До Гардана было примерно восемь миль, это было живописное местечко, во многом напоминавшее итальянские деревушки на вершинах холмов. Сезанна привлекала пирамидальная форма поселения и кубическая геометрия домов, с которой неизменно ассоциируются кубистические пейзажи, появившиеся двадцать лет спустя, – не столько пейзажи в традиционном понимании, сколько вариации на тему пейзажа, где каждый элемент встроен в общий контекст, но дух места в значительной мере теряется или изменяется. Со временем сезанновский Гардан станет Ла-Рош-Гийоном у Брака, Хорта-де-Эбро у Пикассо, а еще через двадцать лет превратится в Стейтен-Айленд у Горки. Для кубистов знакомство с Сезанном стало определяющим. Брак, например, погрузившись в сезанновский мир, обнаружил с ним глубинную связь и пережил своеобразное озарение, как будто нашел в собственной памяти то, о чем и не подозревал. «Открытие его работ все перевернуло, – признался он на склоне лет одному из близких друзей. – Мне пришлось все переосмыслить. Я не единственный был потрясен до глубины души. Предстояло побороть многое из того, что мы умели, к чему относились с уважением, чем восхищались, что любили.
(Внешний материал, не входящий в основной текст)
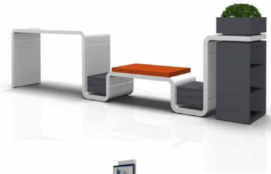
Crossworxs Stehelement B1600 x H1060 mm Sitzelement B1200 x H470 mm Bügel einseitig B620 x H1060 mm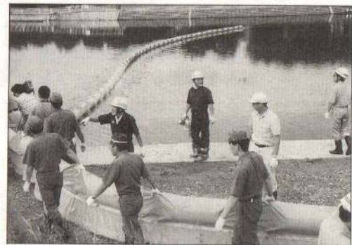
油の流出事故等を想定したオイルフェンス設置訓練（8月21日・長木川白鳥飛来地で）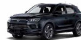
Space Black (metal.)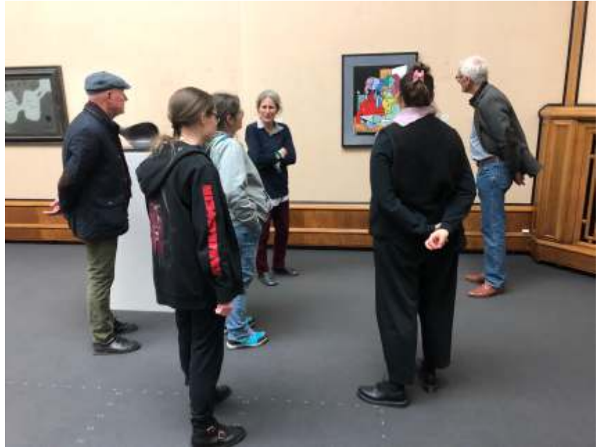
Kunstmuseum Winterthur Rundgang durch die Sammlungsausstellung.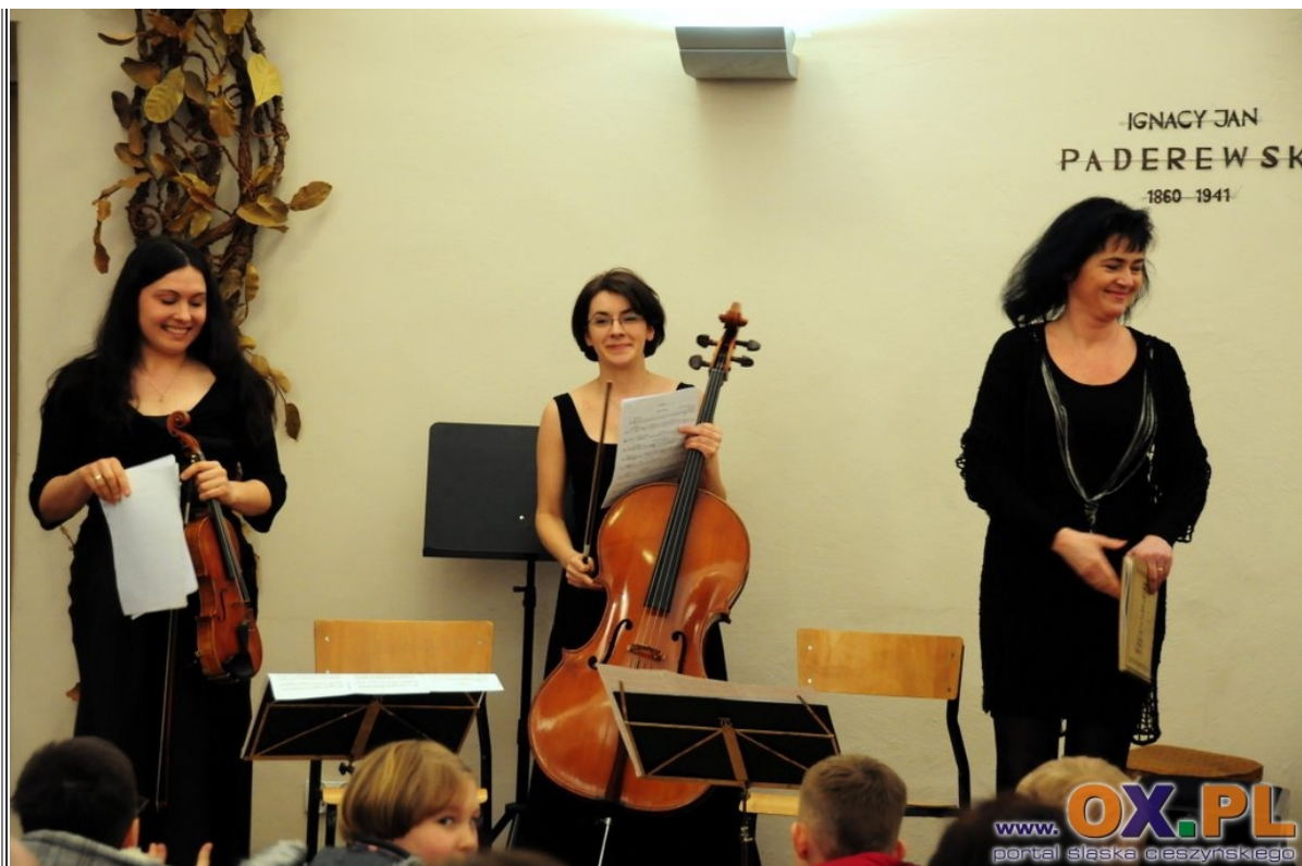
Koncert nauczycieli w Państwowej Szkole Muzycznej im. I.J.Paderewskiego w Cieszynie Zobacz cały fotoreportaż>>>

В работах Сезанна следует видеть не только живописные композиции, но также – о чем часто забывают – новую этическую идею пространства». Матисс, рассматривая результаты, обратил внимание, что дома Брака (а точнее, изображающие их символы) несут как формальную нагрузку, «выделяясь на общем фоне пейзажа», так и смысловую, «передавая гуманистическую идею, во имя которой они поставлены»{640}.
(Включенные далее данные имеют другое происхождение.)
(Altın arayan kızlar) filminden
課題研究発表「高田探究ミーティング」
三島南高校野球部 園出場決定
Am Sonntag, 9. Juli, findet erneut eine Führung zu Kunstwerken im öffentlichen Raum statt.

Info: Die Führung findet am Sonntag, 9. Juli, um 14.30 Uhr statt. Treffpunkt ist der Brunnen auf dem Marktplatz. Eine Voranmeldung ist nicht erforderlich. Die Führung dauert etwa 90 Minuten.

Сезанновский вид Гардана стоит практически у истоков этой метаморфозы (цв. ил. 62). Акцентируя определенную ассоциацию, художник изобразил городок трижды, каждый раз выбирая новое время и новую точку, словно обходя место по кругу. Одна из этих композиций, возможно первая, – горизонтальная; две другие – вертикальные, хотя один из вариантов изначально виделся горизонтальным. Сезанн передумал, но сделал так, чтобы следы проступали на поверхности, словно отражая процесс работы, или ход времени, или сомнения художника. Такой же холст был оставлен вызывающе незавершенным{641}.

Гардан был еще и местом умиротворения и, очевидно, восстановления сил. В ту осень Сезанн снял там дом. К нему приехали Ортанс и Поль. Полю было тринадцать, его отправили учиться в местную школу. В свободное время он позировал для портретного рисунка, на котором предстал во весь рост. Мальчик на портрете «Сын художника» держится гордо, хотя и немного застенчиво; в его позе угадываются черты «Мальчика в красной жилетке», который появится через несколько лет. Сезанн запечатлел его также пишущим и спящим{642}.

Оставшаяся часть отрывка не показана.